Supreme Court clarifies application of 183-day period
As regards application of the 183-day period in the tax treaty between Belgium and the Netherlands physical presence, too, should be taken into account, in addition to working days.
26 july 2017
As regards the 183-day period physical presence, too, is relevant
A Belgian resident is the director and sole shareholder of her own company (“BVBA”). The company is also registered in Belgium. She worked in the Netherlands for this company for 181 days in 2009. According to the Court of Appeal the Netherlands was not entitled to levy income tax on her remuneration since she had worked in the Netherlands for less than 183 days.

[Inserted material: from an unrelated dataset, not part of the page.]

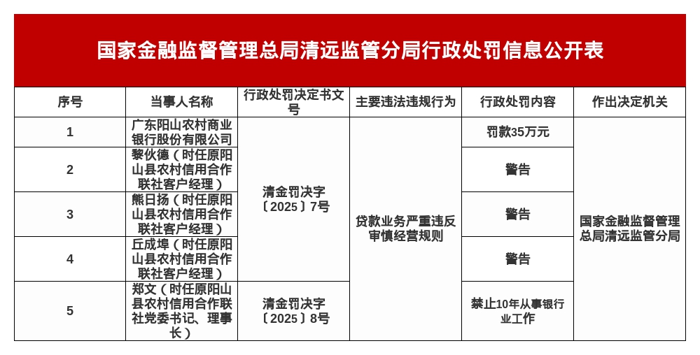 此外,时任原阳山县农村信用合作联社客户经理黎伙德、熊日扬、丘成埠分别被警告;时任原阳山县农村信用合作联社党委书记、理事长郑文,被罚禁止10年从事银行业工作。

According to the Court of Appeal, days of stay solely for private purposes should not be taken into account.
The Supreme Court disagrees, since the article on income from employment in the tax treaty between Belgium and the Netherlands refers to “the recipient is present in the other State”. This article is similar to the article in the OECD model treaty. Hence, the OECD Comment on the OECD model treaty must be interpreted. The comment clearly stipulates that the 183 day period must be calculated using the ‘days of physical presence’ method. The Supreme Court refers this case to the Court of Appeal again, to determine whether or not this director was physically present in the Netherlands for more than 183 days.

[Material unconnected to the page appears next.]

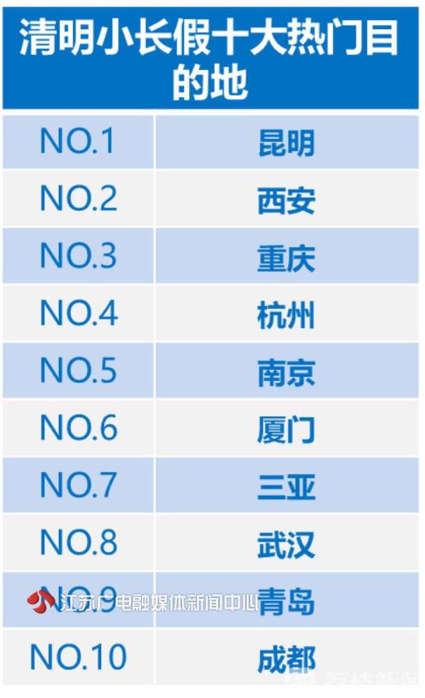 根据大数据分析,清明小长假人气最高的十大目的地分别为昆明、西安、重庆、杭州、南京、厦门、三亚、武汉、青岛、成都。出境游方面,日本、越南、泰国、马来西亚、中国香港等短途目的地依旧受欢迎。

If the director was indeed physically present in the Netherlands for more than 183 days – which has to be ascertained by the Court of Appeal -, then the question is whether the so-called fictitious wage rule also applies. Anticipating the Court of Appeal’s decision, the Supreme Court already answers this question. As the director is the sole shareholder, she holds a substantial interest in her own company. In determining whether or not there is a substantial interest, it is irrelevant that her company is registered in Belgium. Thus, the fictitious wage rule applies.